- Data in this exercise
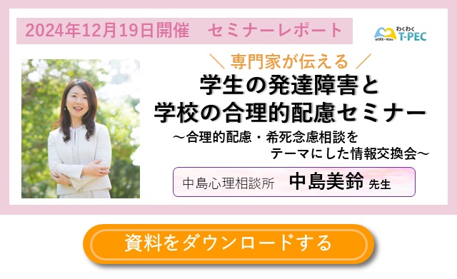 2024年12月19日、ティーペック株式会社では、学校法人向けセミナー「専門家が伝える『学生の発達障害と学校の合理的配慮』セミナー〜合理的配慮・希死念慮相談をテーマにした情報交換会〜」を開催しました。
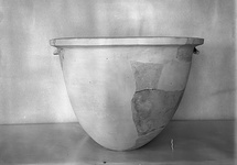 Description:   Much missing from wall; restored in plaster. Flat bottom. Massive rim flat on top. On either side a large lug beneath lip.
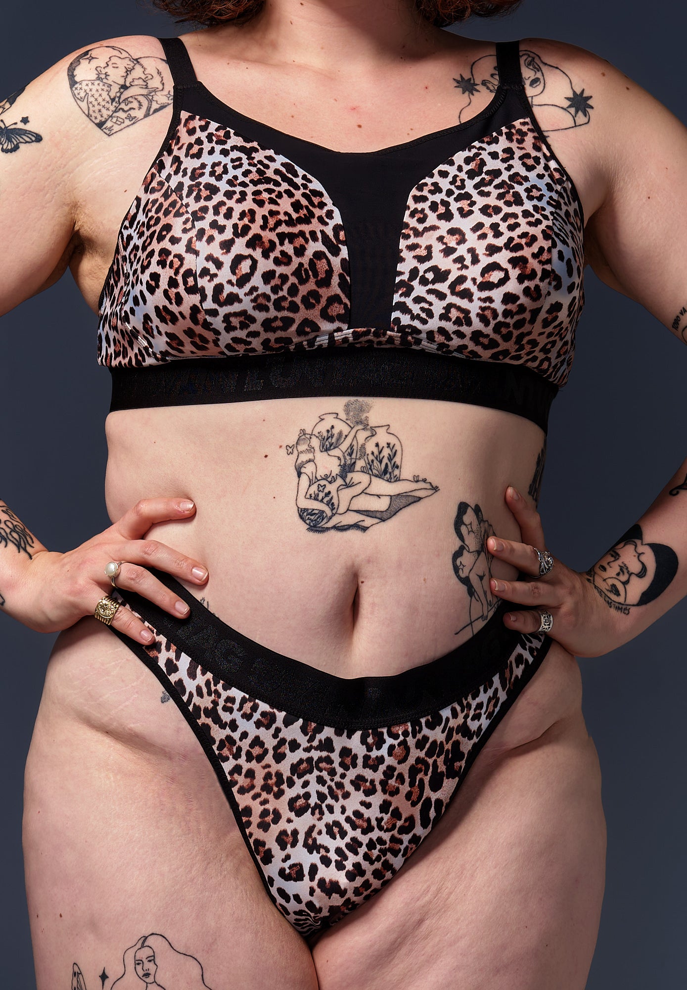 Roar with confidence this summer with our latest drop: the Leopard Collection! Where comfort meets confidence and self-expression reigns supreme. Embrace your wild side and make a statement with the spotted items like the Signature Bralette, the High Waisted Tucking Tanga, or the Athletic Binder. No matter your gender expression, get ready to pounce with our new Leopard printed items!
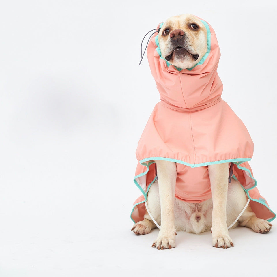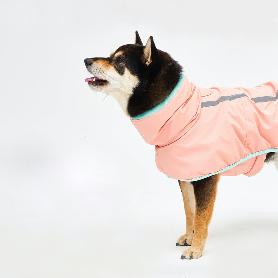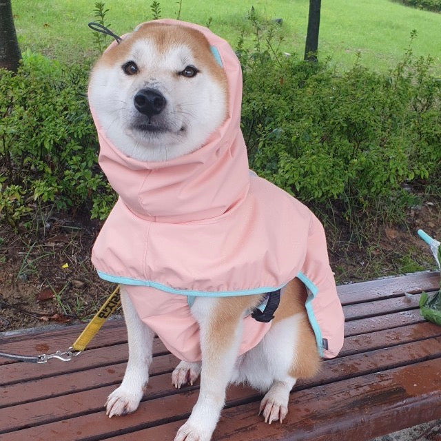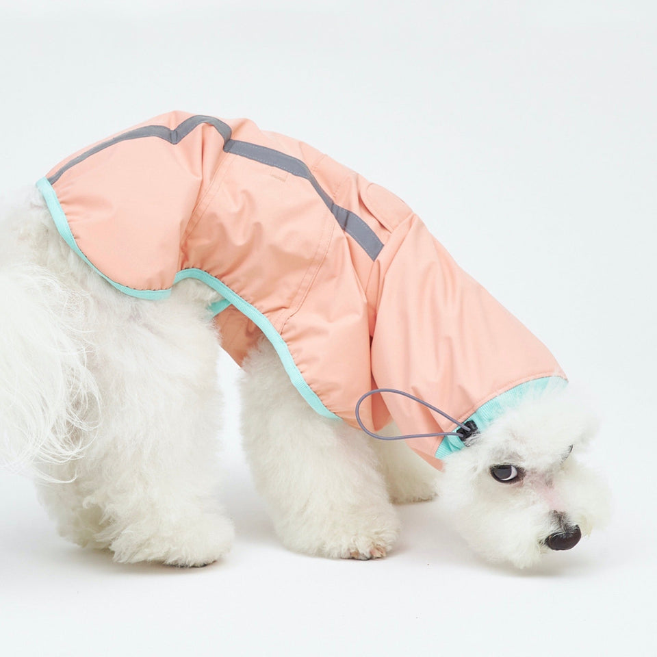 ④胸から下腹部まで包み込むので愛犬を効果的に保護して、雨水が跳ねてお腹に飛ぶのを防げるので散歩後のケアがより簡単になります。
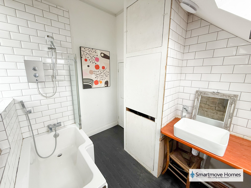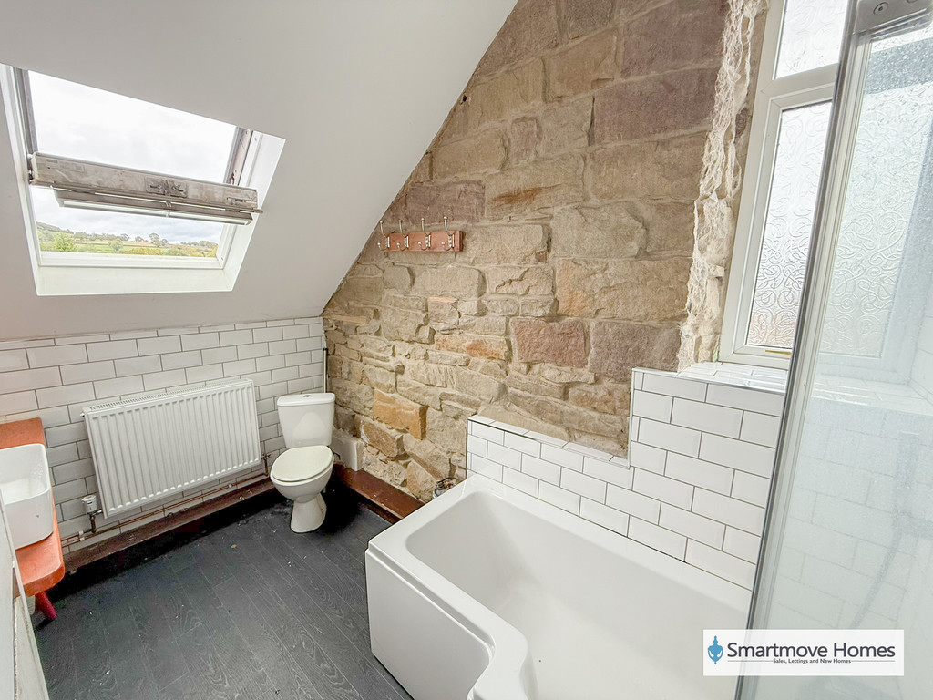 BATHROOM Three piece bathroom suite comprising of an L shaped bath with electric shower over, WC and a wall mounted sink built into a worktop. Velux window to the rear elevation, obscure window to the side elevation, central heating radiator, exposed stone wall feature and airing cupboard.
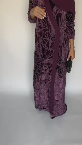 Purple Winter Velvet A-Cut Abaya with Matching Head Scarf. One button added to the corner of the abaya. The abaya is very comfortable and elegant for everyday use.
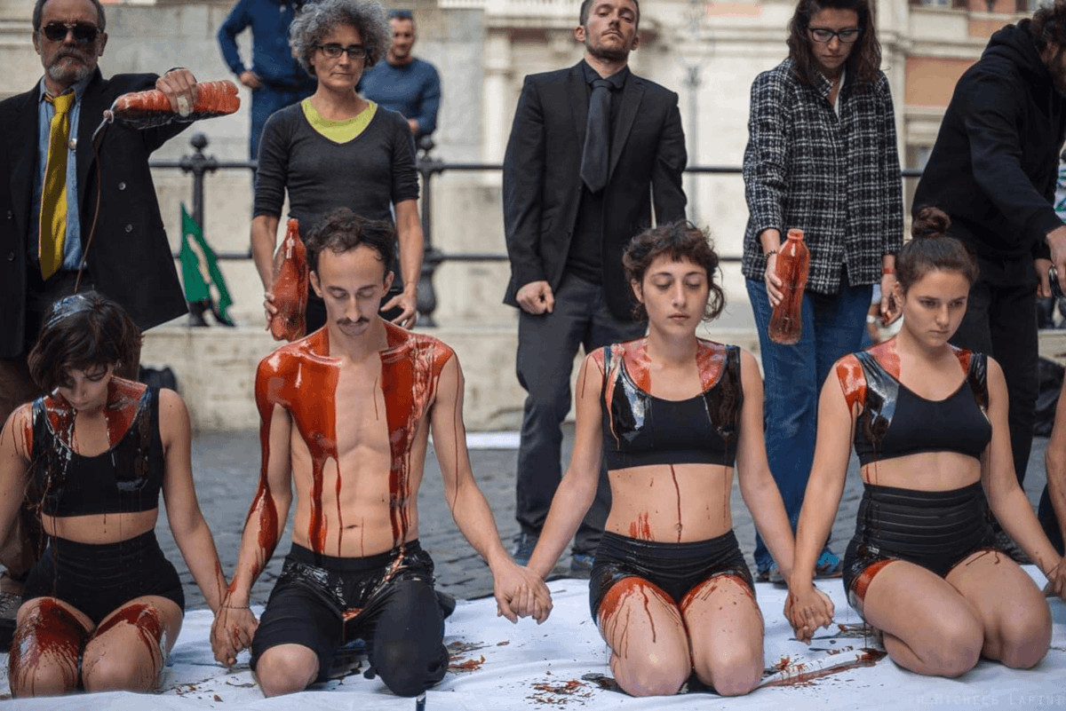 Blood runs over Italian rebels in front of Montecitorio Palace, Rome.
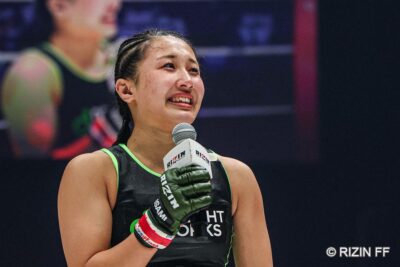 「今年一発目のRIZINで、新しい自分の幕開けどうでしたか。トイレ休憩とか、女子格興味ないとか言われるんですけど、私は面白い試合をするのでこれからも応援よろしくお願いします」とマイクを持って話した。
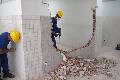 A Escola Municipal João Bento Duarte Neto está recebendo melhorias nos banheiros dos professores, na secretaria e no almoxarifado. Na Escola Municipal Mônica Andrade, é realizada a reparação da cobertura da quadra esportiva.
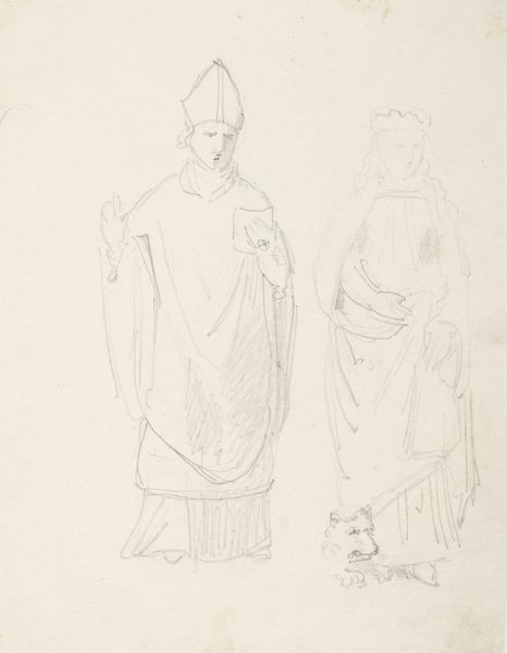 Editor: This is John Flaxman's "Gate of Purgatory." I'm immediately struck by how the stark lines and minimal detail create such a solemn atmosphere. What compositional elements stand out to you? Curator: The linearity is indeed prominent. Notice how Flaxman uses line not to describe volume but rather to delineate form, flattening the figures. Consider, too, how the architecture mirrors the angel’s silhouette. Editor: So, the lines and shapes create a kind of visual echo? Curator: Precisely. And that repetition, that structural echoing, reinforces the symbolic weight of the scene. The formal elements mirror the narrative elements. Editor: I see that now. It's a powerful connection that elevates the simple lines. Curator: Agreed. Studying the image's internal relationships is key to unlocking its meaning. Editor: Thank you! I'll definitely look closer at how the shapes and lines interact from now on.
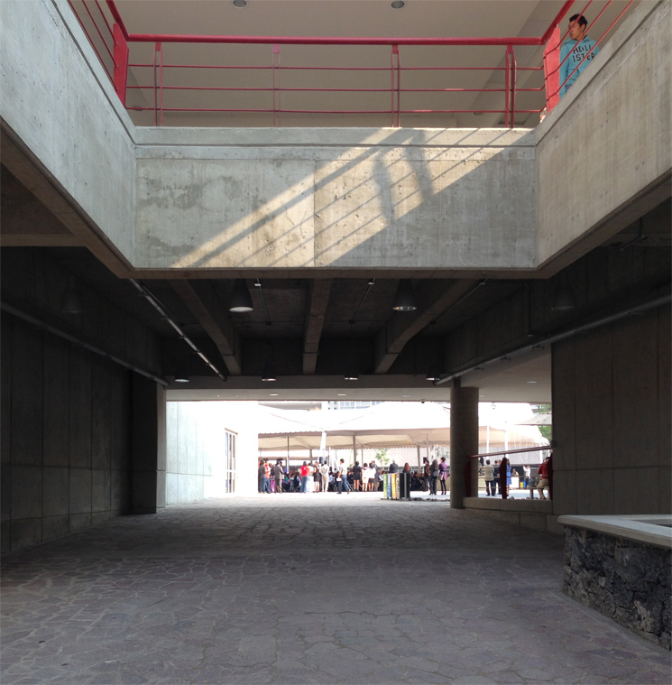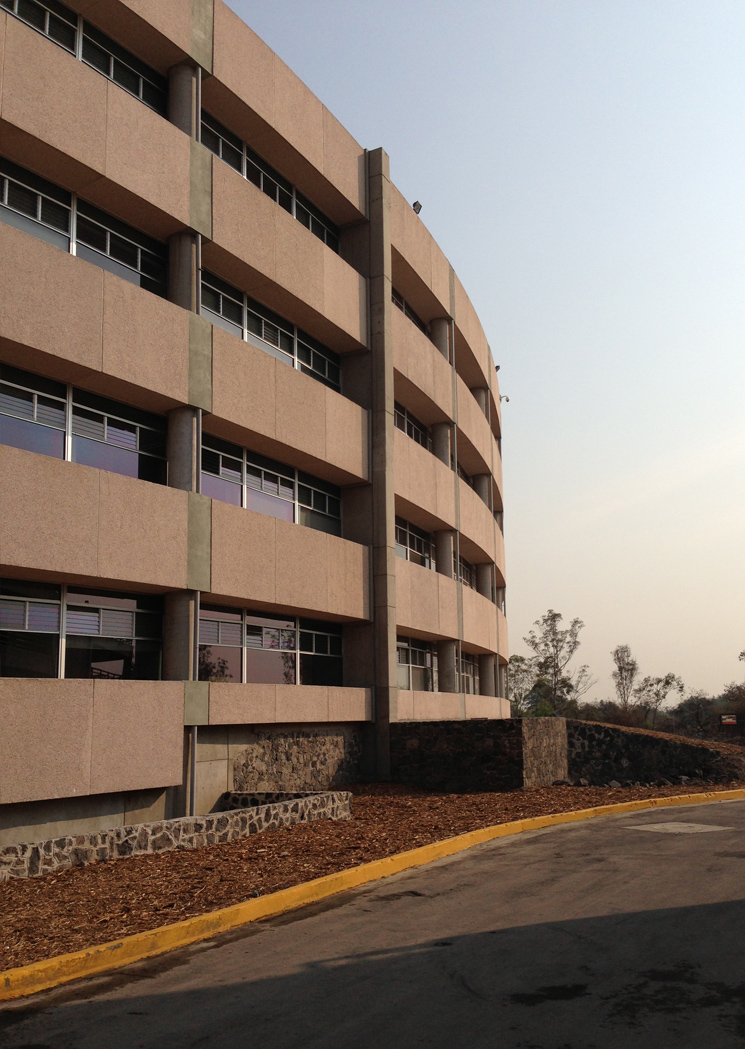 El Centro Educacional Albatros (1971), la Secundaria Cumbres (1974), la Universidad Autónoma del Estado de Hidalgo (1975) o la Universidad Anáhuac (1976) de Imanol Ordorika serían buenos ejemplos para resolver un proyecto para una sede de posgrado. Y si bien hace poco se dieron a conocer proyectos de Google (NBBJ) y Apple (Foster & Partners) con base en un partido arquitectónico radial, aquí la geometría es poco entendible por la monotonía de su intención; una simulación creativa con revestimientos añadidos. Dejemos de lado el aumento del presupuesto en el proyecto –tres veces la cantidad inicial–, el resultado final de los acabados o por qué hay una escalera roja metálica en forma de gusano –cerrada– para subir a una azotea que no se puede ocupar. A 60 años de la inauguración de Ciudad Universitaria, ¿qué pasa con el crecimiento y desarrollo de los nuevos proyectos en el campus de la universidad?, ¿cómo se gestionan y deciden?, ¿por qué ocurren aterrizajes forzados de obras descomunales como éstas?, ¿por qué si tenemos una destacada Facultad de Arquitectura no se convocan concursos que vinculen a los maestros con los estudiantes –y futuros postulantes a maestría y doctorado que ocuparán los espacios– como ocurrió en 1952?

- Exercise prompt
Please copy the lines above exactly, starting at the line that holds "Roar with confidence" and ending at the line that holds "Purple Winter Velvet"; include both, but no pictures.

- Response to this exercise
 Roar with confidence this summer with our latest drop: the Leopard Collection! Where comfort meets confidence and self-expression reigns supreme. Embrace your wild side and make a statement with the spotted items like the Signature Bralette, the High Waisted Tucking Tanga, or the Athletic Binder. No matter your gender expression, get ready to pounce with our new Leopard printed items!
 ④胸から下腹部まで包み込むので愛犬を効果的に保護して、雨水が跳ねてお腹に飛ぶのを防げるので散歩後のケアがより簡単になります。
 BATHROOM Three piece bathroom suite comprising of an L shaped bath with electric shower over, WC and a wall mounted sink built into a worktop. Velux window to the rear elevation, obscure window to the side elevation, central heating radiator, exposed stone wall feature and airing cupboard.
 Purple Winter Velvet A-Cut Abaya with Matching Head Scarf. One button added to the corner of the abaya. The abaya is very comfortable and elegant for everyday use.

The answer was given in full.